Problem statement
From the line that contains "This bag is" down to the last line of the entries, repeat every line exactly. Do not carry over the pictures.

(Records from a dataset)

——————

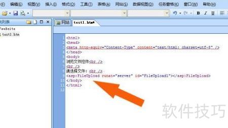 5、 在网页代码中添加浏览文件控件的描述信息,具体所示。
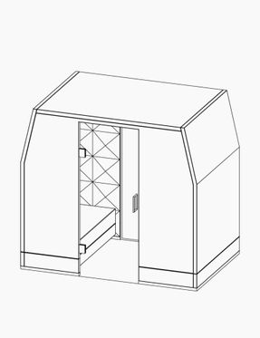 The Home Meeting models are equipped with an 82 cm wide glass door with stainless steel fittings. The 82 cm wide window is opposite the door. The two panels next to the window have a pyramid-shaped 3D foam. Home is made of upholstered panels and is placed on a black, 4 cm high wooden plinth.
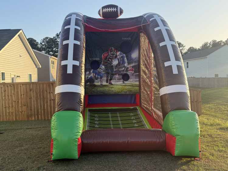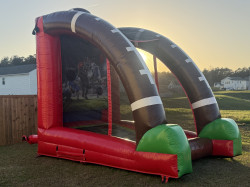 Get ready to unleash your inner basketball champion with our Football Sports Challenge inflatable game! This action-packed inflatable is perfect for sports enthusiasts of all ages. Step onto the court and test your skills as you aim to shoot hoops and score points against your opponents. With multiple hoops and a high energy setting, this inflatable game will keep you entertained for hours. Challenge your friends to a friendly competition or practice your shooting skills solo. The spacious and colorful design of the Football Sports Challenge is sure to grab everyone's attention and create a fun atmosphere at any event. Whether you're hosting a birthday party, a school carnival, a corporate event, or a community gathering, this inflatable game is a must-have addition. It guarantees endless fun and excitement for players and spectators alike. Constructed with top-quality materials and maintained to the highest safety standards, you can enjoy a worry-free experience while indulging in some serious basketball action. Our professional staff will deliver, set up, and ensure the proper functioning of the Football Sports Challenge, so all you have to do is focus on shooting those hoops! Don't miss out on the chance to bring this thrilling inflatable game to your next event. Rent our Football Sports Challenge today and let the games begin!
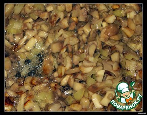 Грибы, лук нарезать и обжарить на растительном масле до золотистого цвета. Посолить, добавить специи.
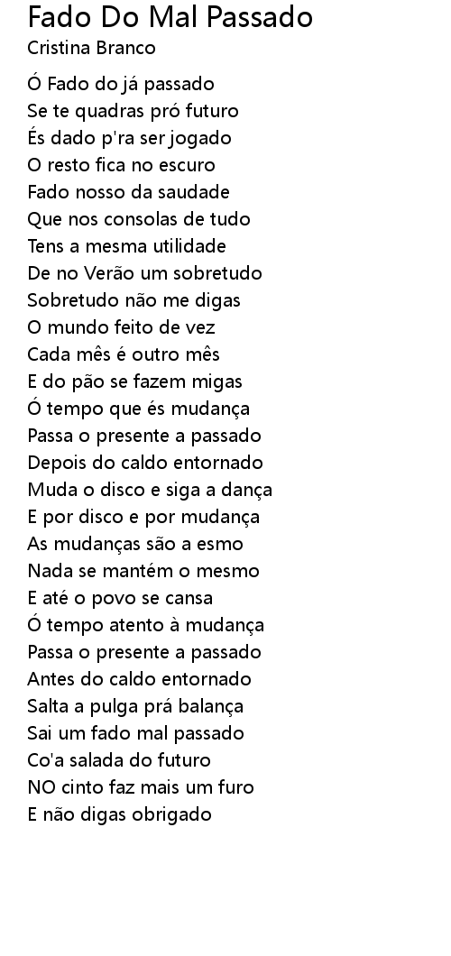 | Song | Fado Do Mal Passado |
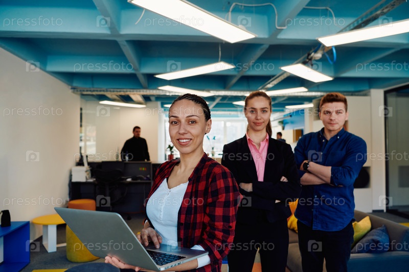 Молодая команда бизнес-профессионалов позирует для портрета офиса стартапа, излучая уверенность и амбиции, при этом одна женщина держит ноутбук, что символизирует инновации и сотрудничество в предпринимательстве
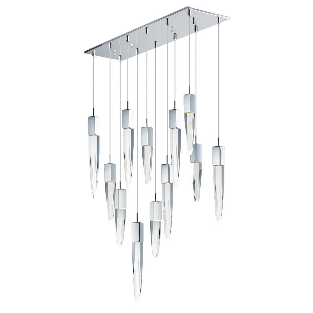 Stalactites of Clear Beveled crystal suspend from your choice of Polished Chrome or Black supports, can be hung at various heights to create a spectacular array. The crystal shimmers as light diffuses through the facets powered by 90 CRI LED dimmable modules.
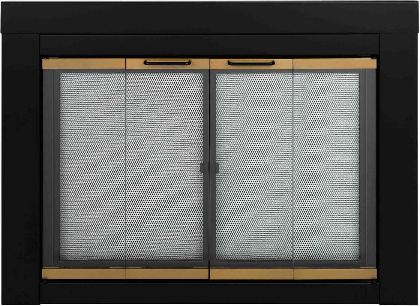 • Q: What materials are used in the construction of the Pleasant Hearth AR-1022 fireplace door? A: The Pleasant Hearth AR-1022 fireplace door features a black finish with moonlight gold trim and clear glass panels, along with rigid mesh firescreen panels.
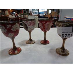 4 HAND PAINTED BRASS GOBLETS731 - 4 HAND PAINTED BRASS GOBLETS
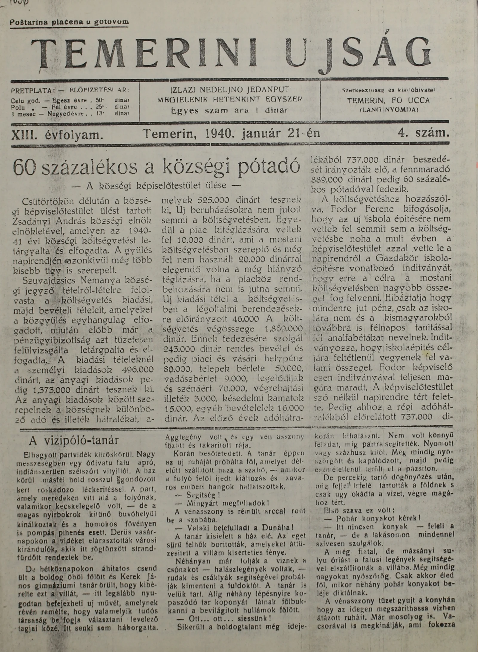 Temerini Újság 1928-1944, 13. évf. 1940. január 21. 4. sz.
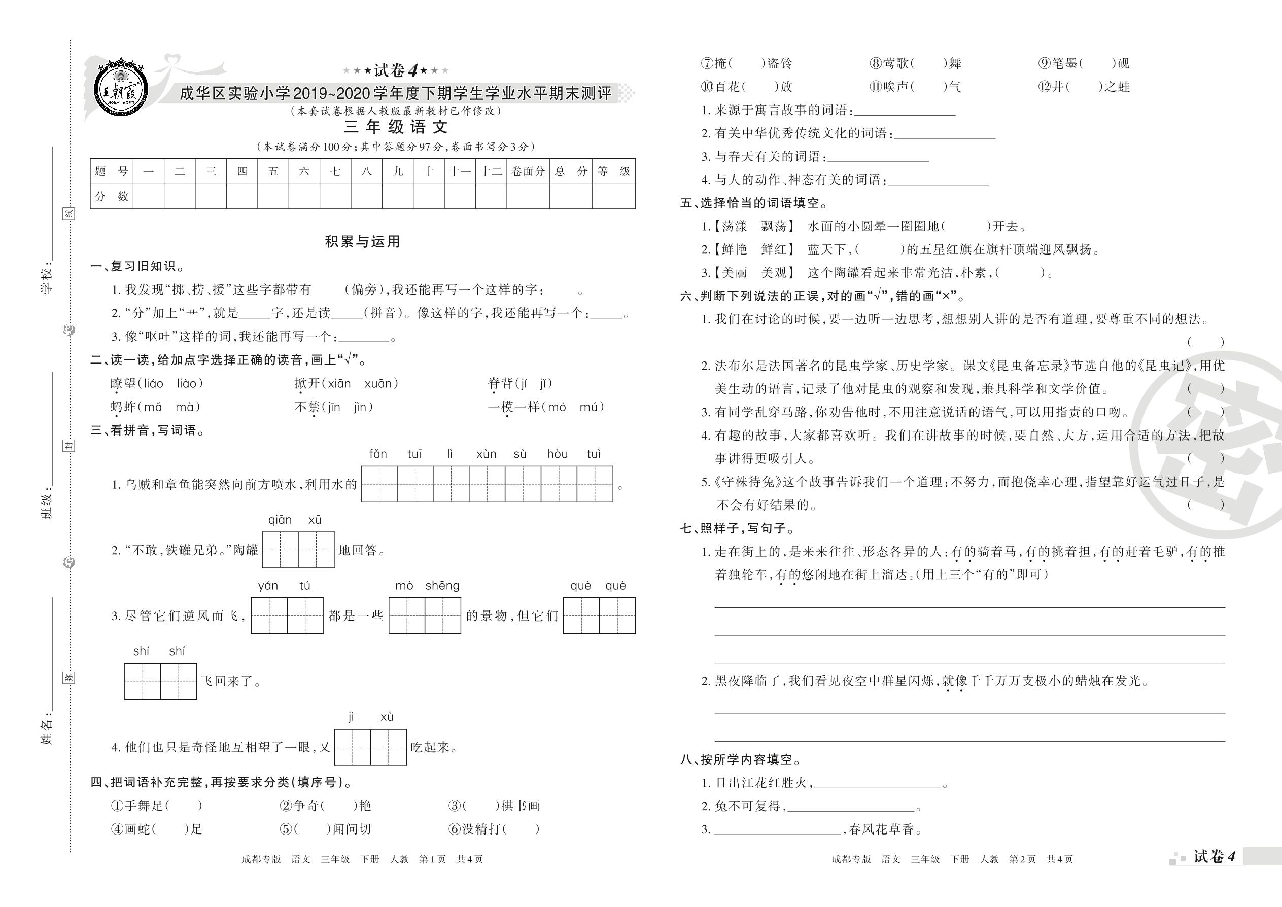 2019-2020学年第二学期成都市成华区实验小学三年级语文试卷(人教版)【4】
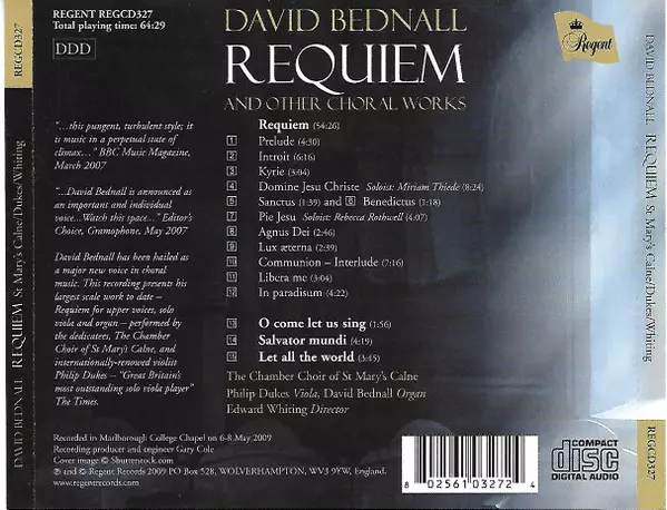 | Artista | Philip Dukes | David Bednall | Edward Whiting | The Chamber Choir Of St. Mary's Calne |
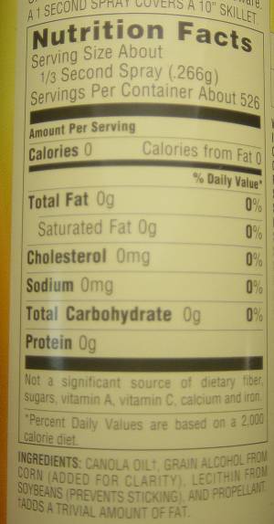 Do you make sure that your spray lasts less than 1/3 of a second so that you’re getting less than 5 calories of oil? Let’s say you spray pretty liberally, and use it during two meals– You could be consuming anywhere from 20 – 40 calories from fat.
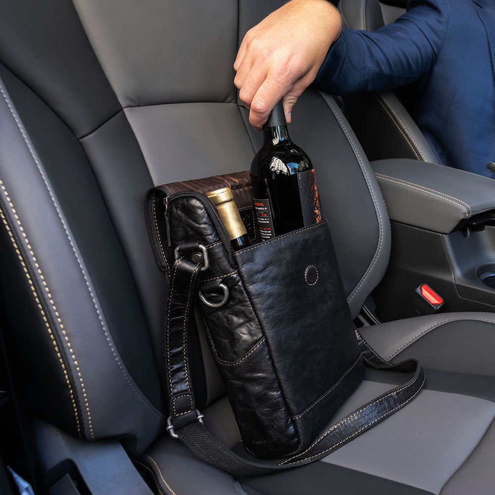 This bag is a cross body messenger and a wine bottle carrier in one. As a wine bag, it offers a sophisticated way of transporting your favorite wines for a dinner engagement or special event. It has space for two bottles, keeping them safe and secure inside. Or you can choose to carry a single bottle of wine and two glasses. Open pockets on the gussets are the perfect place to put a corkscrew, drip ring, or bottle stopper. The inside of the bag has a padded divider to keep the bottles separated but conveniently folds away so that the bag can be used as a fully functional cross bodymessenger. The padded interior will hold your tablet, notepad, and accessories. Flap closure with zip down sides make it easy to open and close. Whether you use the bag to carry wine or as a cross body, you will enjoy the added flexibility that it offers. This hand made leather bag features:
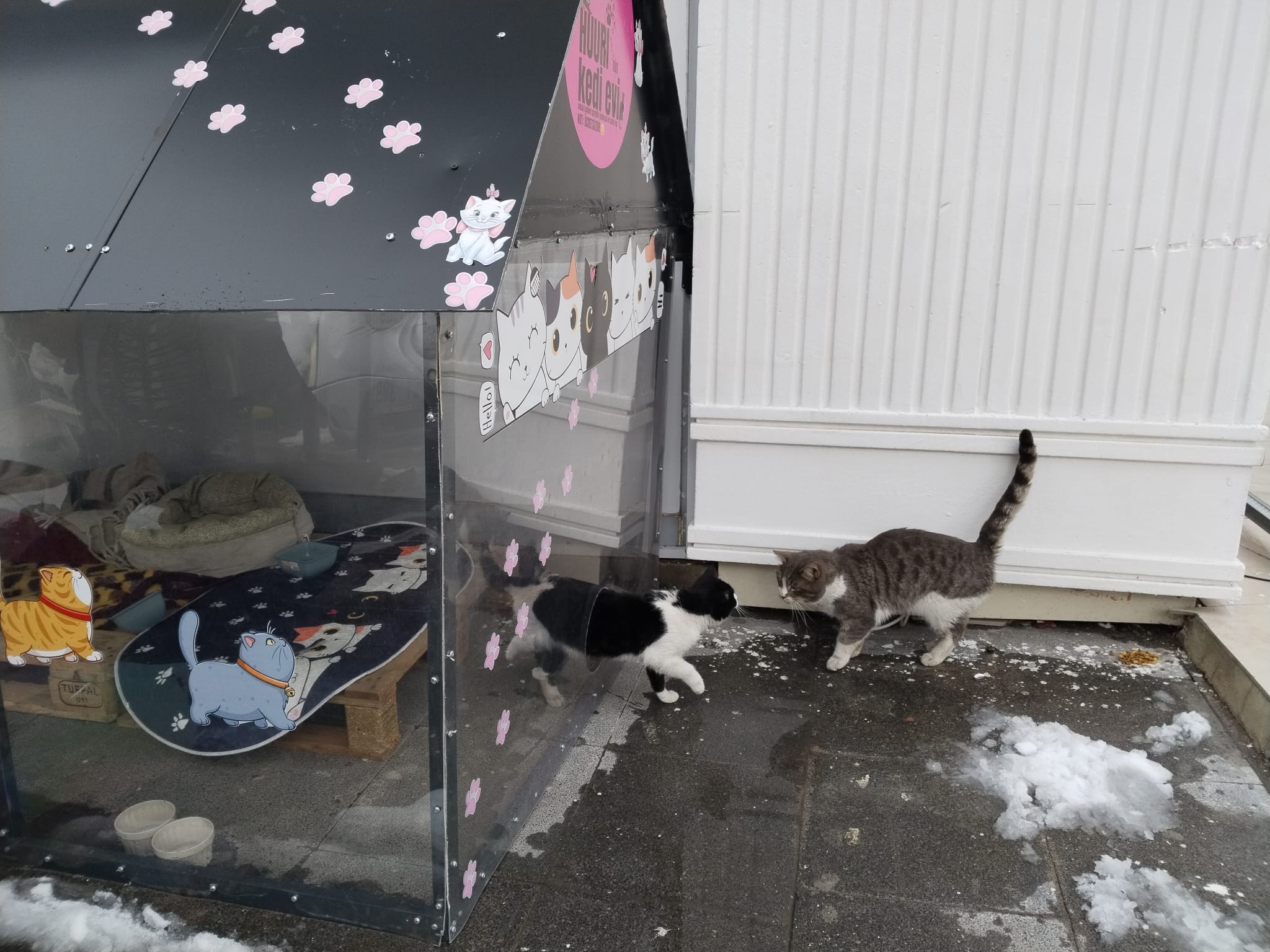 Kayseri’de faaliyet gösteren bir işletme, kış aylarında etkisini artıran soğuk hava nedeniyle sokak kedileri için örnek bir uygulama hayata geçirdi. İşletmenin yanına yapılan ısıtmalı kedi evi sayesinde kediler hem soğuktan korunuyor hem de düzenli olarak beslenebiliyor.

——————

Written reply
 This bag is a cross body messenger and a wine bottle carrier in one. As a wine bag, it offers a sophisticated way of transporting your favorite wines for a dinner engagement or special event. It has space for two bottles, keeping them safe and secure inside. Or you can choose to carry a single bottle of wine and two glasses. Open pockets on the gussets are the perfect place to put a corkscrew, drip ring, or bottle stopper. The inside of the bag has a padded divider to keep the bottles separated but conveniently folds away so that the bag can be used as a fully functional cross bodymessenger. The padded interior will hold your tablet, notepad, and accessories. Flap closure with zip down sides make it easy to open and close. Whether you use the bag to carry wine or as a cross body, you will enjoy the added flexibility that it offers. This hand made leather bag features:
 Kayseri’de faaliyet gösteren bir işletme, kış aylarında etkisini artıran soğuk hava nedeniyle sokak kedileri için örnek bir uygulama hayata geçirdi. İşletmenin yanına yapılan ısıtmalı kedi evi sayesinde kediler hem soğuktan korunuyor hem de düzenli olarak beslenebiliyor.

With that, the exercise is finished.